Penelope Patsuris on Forbes.com brings the burgeoning world of photoblogging to the attention of the masses, however prematurely:

“These days, people are almost as likely to have their digital camera or camera phone on them as they are their wallet and keys, which is what accounts for the recent explosion of photo blogs. Photo blogs are the visual equivalent of the Web logs where self-publishers, both famous and obscure, post their opinions for the world to read. Unlike text blogs, photo blogs literally give visitors a glimpse into a blogger’s world. As you might expect, this is often not very interesting. “

Her list seems to be missing some of the favorites I’m familiar from Bitsplitter’s research in mobile blogging, like textamerica and picturephoning.com.
Nevertheless, it’s an interesting collection - showcasing people who have integrated the media in with their blogs, rather than those who are just experimenting.
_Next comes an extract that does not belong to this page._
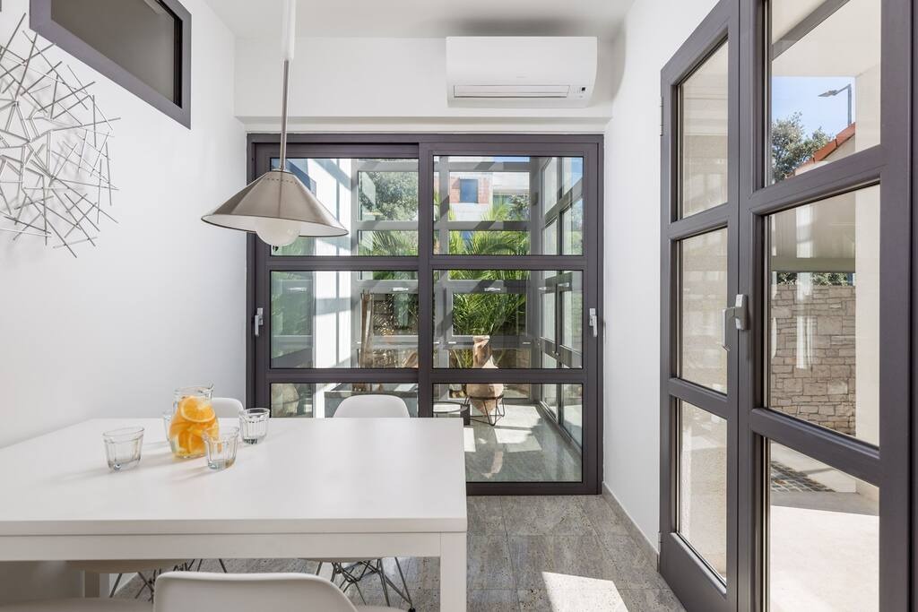 Enjoy a relaxing stay at RM Grande Villa – Right Wing, a stylish 280 m² retreat for up to 4 guests in beautiful Rovinj. With three comfortable bedrooms, two and a half bathrooms and bright interiors overlooking a peaceful courtyard, this villa offers the perfect balance of privacy and comfort. Connected to the main estate by a landscaped garden, guests can unwind at the patio, stay active in the home gym, or enjoy outdoor dining. Air-conditioned bedrooms, and shared parking ensure a convenient and comfortable stay. Ideal for a quiet getaway near Rovinj’s old town and beaches, with small pets welcome on request.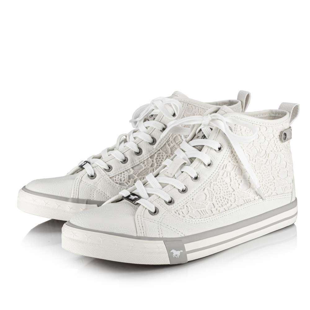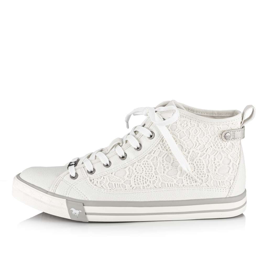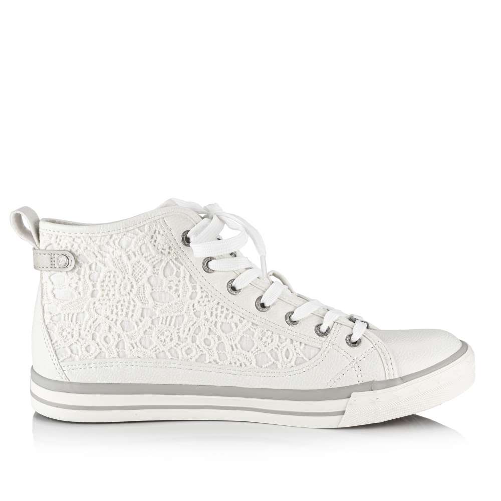 Detailní informace Tyto krásné kotníkové tenisky značky MUSTANG, budou skvělé pro Váš nevšední outfit. Na stranách jsou zdobené všitou hezkou textilní krajkou a vyšité po stranách jemnou nití. Boty si nastavíte díky vkusné tkaničce. Tento model oceníte při celodenním nošení a krásně jej zkombinujete.

Cynically, I have to wonder how accurate her assessment of photoblogging’s usefulness for the average blogger (as different from the rest of the population as they may tend to be). This is especially true given how cumbersome the interfaces still are, and how many must resort to emailing photos as attachments to get them out of their provider’s network.

The statistics discussed on Bitflux provide a less encouraging picture, citing research reports that Japanese consumers have 15M camera phones, yet sent only 45M photos over the air. 3 per camera is probably a far away goal for US providers.

Though, just for fun, it’s worth noting the slightly tongue-in-cheek but perhaps still relevant report from TheRegister that 75% of Polish blogs are from teenagers. When mixed with the findings that 62% of them are women, we get the sensational headline that (in Poland) most bloggers are teenaged girls.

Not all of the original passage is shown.